Я снова взялся за веник, кучка мусора сместилась немного вперед, она снова резко отступила. Потом она оглянулась вокруг себя, после, не зная, наверное, на что ей еще посмотреть, уставилась на мусор. В конце концов не выдержала:

– Snhell, schnell[18], мсье! – сказала она.

Это были ее первые слова.

Я выпрямился и взглянул на нее, беспомощно пожав плечами. Взгляд у нее был тяжелый.

Она проспала всю ночь в постели, встала в шесть часов, пришла в свой кабинет и безразлично положила на стол пакет с ломтиками намазанного маслом хлеба. Она не думала, что увидит меня, что останется со мной наедине. Если бы я подметал хорошо и быстро, она бы даже не заметила меня; но я подметал из рук вон плохо. Я был тут, обосновался в этом кабинете, не зная, что делать с этой кучей мусора; она неожиданно увидела вблизи одного из нас. Она не была к этому готова.

Теперь немка изредка посматривала в мою сторону; с трудом меня выносила. Я давил на нее, делал уязвимой. Если бы я прикоснулся к рукаву ее блузки, ей стало бы плохо. Чрезвычайная мощь выбритого черепа и полосатой робы; облачение приумножало силу.
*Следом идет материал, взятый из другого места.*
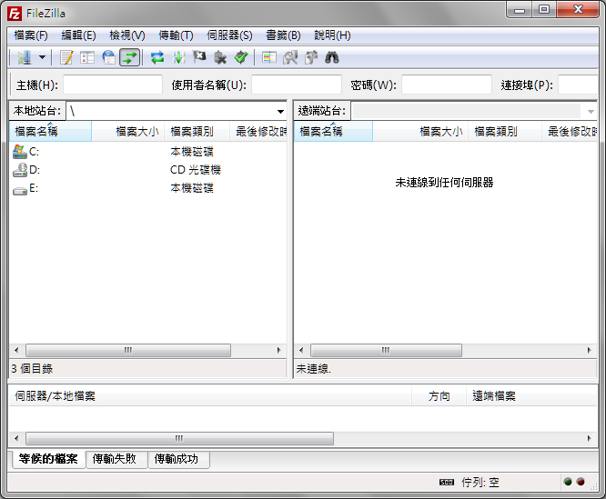 安裝好的 FileZilla client 畫面,左邊是你的電腦內容,右邊則是遠端的資料夾,只要在上方填入主機位置、使用者名稱、密碼以及連接埠再按下快速連線的按鈕就可以順利連上遠端伺服器,主機位置與帳號密碼等相關資訊則是看你的遠端伺服器設定值,連接埠有兩種,FTP 是 21,SFTP 則是 22,但通常應該都是使用 21 即可。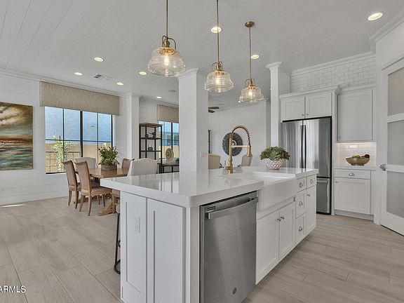 Super popular brick accented Bungalow elevation in new gated community. Now under construction, estimated Fall completion. Great infill location with desirable schools, EZ freeway access during the weekdays and a great gateway location for the weekends to head to the Salt River watershed lakes, mountains or a local hike! Nice finishes: 8' IRON front door, KitchenAid built in's, white Shaker style cabinets with tall uppers w/ LED lights underneath Thick quartz kitchen tops, Subway tile backsplash. Wood look tile throughout, NO CARPET! 3 car tandem garage features a side door and dedicated 220v and 110v outlets for tools or EV charging. Stereo and Security prewire. 8' interior doors with matte black hardware and fixtures. Builder finance incentives. Taxes est. Most pics are a model home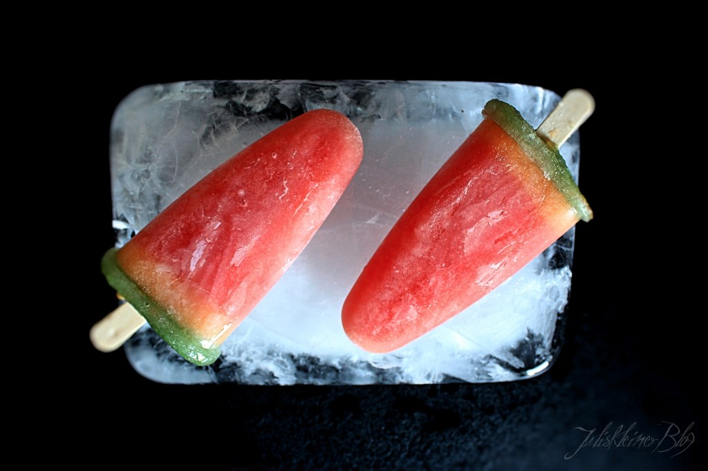Schale und Kerne von den Melonen entfernen. Zuerst die Wassermelone pürieren und damit die Formen zu 2/3 füllen. Die Eisstiele hineinstecken und für ca. 1 Stunde gefrieren lassen.

Я снова взялся за веник, но мёл отнюдь не быстрее. Она вцепилась пальцами в край стола, на который опиралась. Так продолжаться больше не могло. В самом деле, она вдруг вырвала у меня из рук веник и принялась исступленно мести.

Я замер, стоя посреди кабинета; мне было нечего делать. Подбоченившись, стал разглядывать стены, чувствовал себя спокойно. Немка мела. Выровняв кучу мусора, она сунула мне веник. Я посмотрел, наклонившись, на кучу, потом на нее, да, она здорово подмела.

Я собрал мусор в лопату, вышел и сразу натянул пилотку.

Через несколько минут я вернулся. В кабинете толпилось несколько немцев. К девице вернулось самообладание; за ней стояло несколько бравых немецких самцов. Это были гражданские из Гандерсхайма. Я снова снял пилотку. Для них меня словно не было. Я подошел и поднял обрывок бумаги у ног одного из немцев. Он машинально отодвинул ногу, продолжая говорить с другим немцем. Еще один обрывок, еще одна нога. Немец убрал ногу так, как сгоняют муху с лица, будто во сне. Я бродил по их снам. Я мог бы, если бы мне этого захотелось, заставить их шевелить ногами; они меня не видели, но тела их двигались; ровно в той мере, в какой я для них не существовал, они были несвободны.

Не спала только молодая брюнетка; она внимательно следила за моей работой; понимала, что я играю; знала, что я подбирал обрывки бумаги у ног только ради того, чтобы приблизиться к богам, чтобы заставить их шевелить ногами.

Она не могла меня изобличить, потому что для этого нужно было рассказать всю историю; они бы сразу не поняли; тогда ей пришлось бы признать, что она не столь могущественна, как они, поскольку обратила на меня внимание. В этом случае ей пришлось бы явить меня их взорам, а им пришлось бы со мной разговаривать, формулировать для меня фразы, чтобы снова свести меня к пустому месту.

Закончив собирать бумагу, я приготовился было растопить печку, подошел к ней и начал выгребать золу. До девицы все сразу дошло, она прямо подпрыгнула, а потом спокойно сказала мне, что достаточно и я могу убираться.

Выйдя из кабинета, я снова натянул свою пилотку. На лестнице я едва не столкнулся с одним гражданским. Он был в серой куртке, сапогах, на голове маленькая зеленая шапочка.